Katherine Di Palo, PharmD, clinical program manager, Hospital Readmissions Reduction Program, Montefiore Health System, Bronx, New York
In a role she created, Di Palo, 32, has translated her experience as a pharmacist who worked at the bedside to the boardroom at Montefiore Health System, the University Hospital for Albert Einstein College of Medicine. She co-chairs the executive Hospital Readmissions Steering Committee, connecting historic silos to ensure vulnerable patients safely transition from hospital to home. Di Palo directly leads working groups that tackle key initiatives including care infrastructure, information technology changes, clinical data analysis, multidisciplinary education, and care continuum partner engagement to improve outcomes established by the Institute for Healthcare Improvement’s Triple Aim.
MHE: Why did you choose your profession?
Di Palo: Administration is in my DNA. My father started as an orderly and through education and perseverance rose through the ranks to hospital CEO. Similarly, I began my career as a teenager at a local independent pharmacy and quickly found that clinical pharmacists are integral in evidence-based medicine delivery and patient advocacy. As a result of infinite curiosity, strong mentors, and a desire to challenge the status quo, I shifted from optimizing care at an individual patient level to a systems level within a visionary organization.
MHE: What has been your biggest learning experience in the industry? What did it teach you?
Di Palo: To successfully transform an initiative from a pilot program to the standard of practice, bidirectional communication is key. Listening to clinicians, leaders, care providers, and most importantly—patients—allows for the development of innovative and common-sense solutions that fit the culture.
MHE: What change would you like to see in healthcare in the next five to 10 years?

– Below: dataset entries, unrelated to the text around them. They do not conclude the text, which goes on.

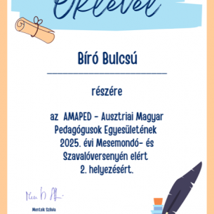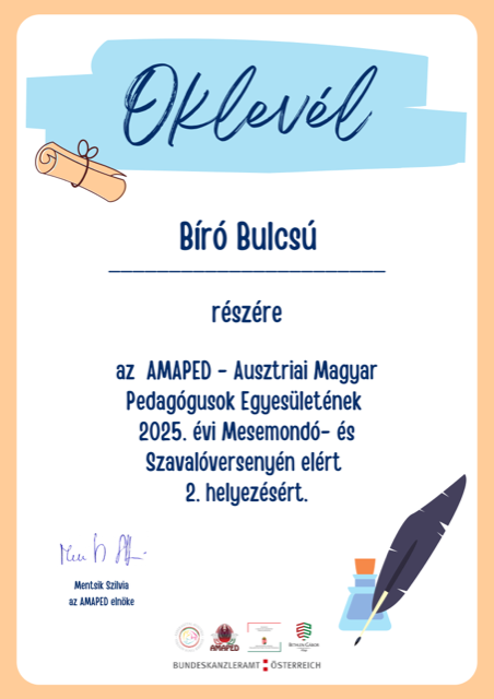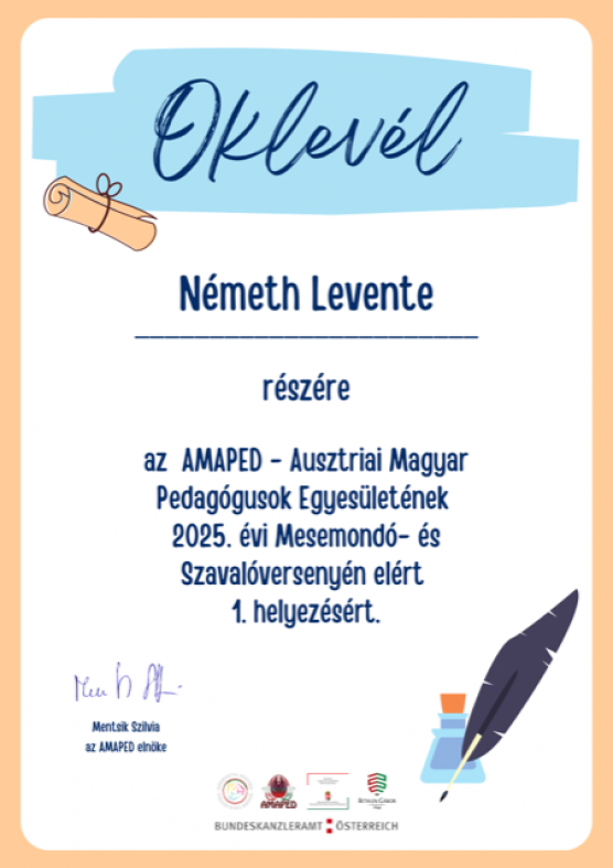 Az AMAPED – Ausztriai Magyar Pedagógusok Egyesülete – által meghirdetett nemzetközi szavaló- és mesemondóversenyen diákjaink kimagasló eredményeket értek el. A 362 vers- és prózamondó közül Németh Levente kategóriájában az első, míg Bíró Bulcsú a második helyet szerezte meg.
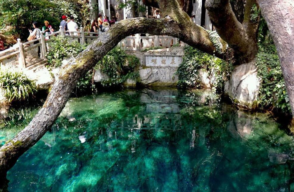 泉池四周用透亮的大理石砌成扩栏,而蝴蝶泉像一颗透明的宝石,镶嵌在绿荫之中,一串串银色水泡冒出水面,泛起片片水花,只有这个时候才能点醒你这不是个梦。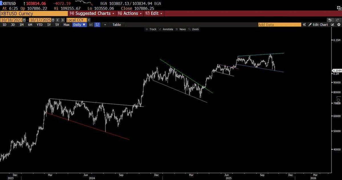 Биткоин: пляжный мяч под водой Опять вся крипто-тусовка в Twitter бросается друг в друга камнями. Кажется, чем ниже цена, тем громче взаимные обвинения. Я понимаю — больно. Но если отойти от эмоций, картинка на графиках выглядит совсем не катастрофично. Сейчас биткоин тестирует нижнюю границу расширяющегося клина — классическую бычью формацию. Рынок перепродан на две сигмы по логарифмической регрессии, а полосы Боллинджера сжались до минимума за всю историю (так узко было всего трижды). Каждый раз после этого цена выстреливала. Последний пример — осень 2023-го: +200% за полгода. Ситуация напоминает пляжный мяч под водой — чем сильнее его давят, тем мощнее будет всплеск. Вопрос не в том, будет ли движение, а в том, сколько терпения у вас осталось ждать. У меня - с запасом. Рынок — это 70-волатильный зверь. Если вы мысленно живёте от свечи к свече, каждая просадка кажется концом света. Но если ваш горизонт — годы, а не недели, волатильность превращается в инструмент. В шанс увеличит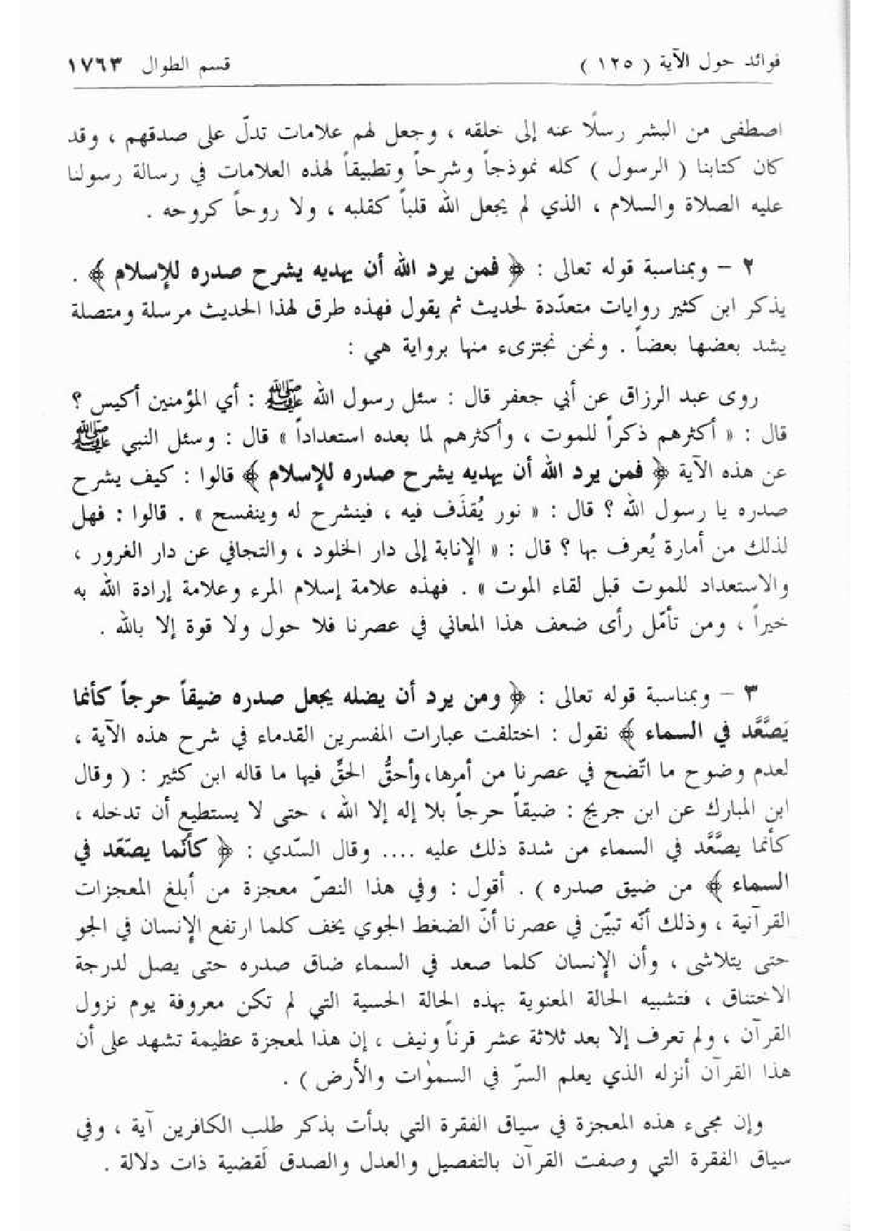 2 - وبمناسبة قوله تعالى: فَمَنْ يُرِدِ اللَّهُ أَنْ يَهْدِيَهُ يَشْرَحْ صَدْرَهُ لِلْإِسْلامِ.
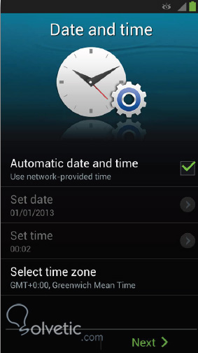 - Luego configuramos la hora y fecha, es importante señalar que la manera más sencilla de hacer esto es tocando donde nos indica Automatic date and time, que nos dará la hora y fecha de acuerdo a nuestra red. Sin embargo podemos colocar la hora y fecha manualmente.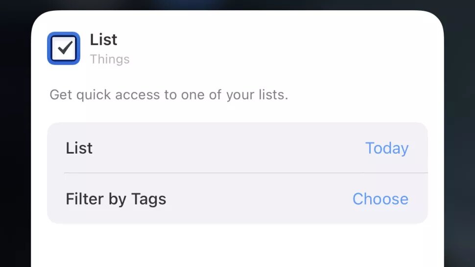 Bien sûr, vous pouvez mélanger et assortir les tailles de widgets. Pour ce faire, vous pouvez appuyer longuement dessus. Par exemple, Things 3 permet aux utilisateurs de sélectionner une liste ou un ensemble de balises spécifiques à afficher dans le widget. Tous les widgets ne peuvent pas être modifiés de cette manière, mais il vaut la peine de jeter un coup d’œil pour voir lesquels le peuvent.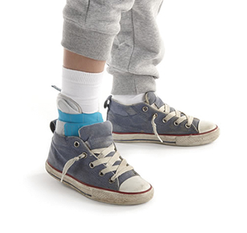 - 甲回り23~27cm(靴サイズ20~23.5cm)の小児(または小さい甲回りの成人)が対象の足関節サポーターです。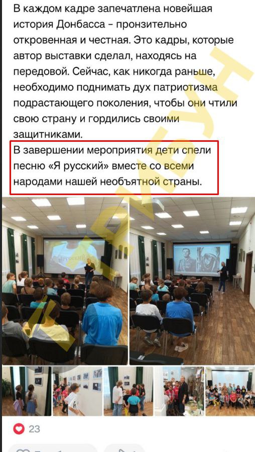 В музее города прошло мероприятие, в ходе которого детей заставили смотреть клип и петь песню "Я русский", о чем пропагандисты похвастались в сети.
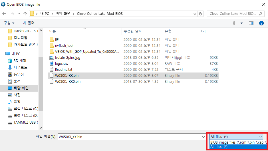 clevo 모델명 w650kk에 맞는 바이오스 롬파일을 찾았으며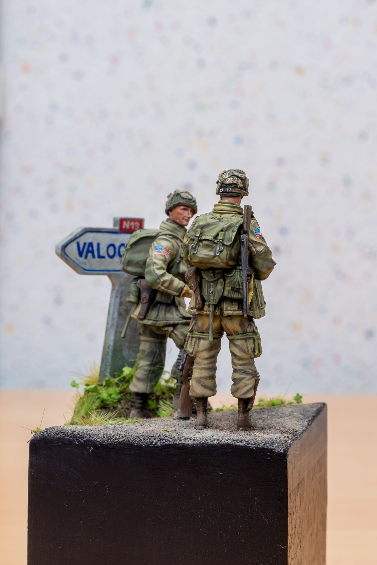 Parachutés sur la DZ près de Neuville-au-Plain, le long de la Nationale 13. Ils cherchent à s'orienter pour rejoindre Sainte-Mère-Église.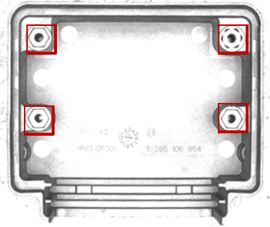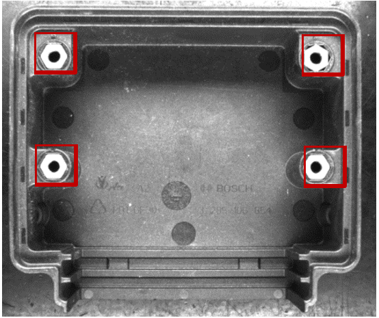 (二)組合條光源:可以識(shí)別四顆螺絲帽的有無(wú),同時(shí)也能也能識(shí)別螺絲帽偏位的情況,效果還算比較理想,但是整體圖像均勻性還有所欠缺。

Di Palo: Patient access, especially to primary care in underserved areas, is integral to quality and cost reduction in chronic disease management. Currently, pharmacists are not considered healthcare providers under Medicare Part B despite robust evidence demonstrating their positive impact on outcomes. Many primary care models integrate pharmacists for longitudinal medication management consistent with state scope practice laws and regulations, however lack of reimbursement prevents patients from clinical pharmacy services. Recognition of pharmacists as healthcare providers at the federal level could facilitate team-based, patient-centered care.
MHE: If you could sit down to dinner with anyone involved in healthcare who would it be?
Di Palo: Given the opportunity I would like to meet Hippocrates—the Father of Medicine. I admire his revolutionary thinking, discipline, compassion, and ethics. Finally, the modern translation of the Hippocratic Oath—that there is an art to medicine as well as science, and that warmth, sympathy, and understanding may outweigh the surgeon’s knife or the chemist’s drug—is something I firmly believe.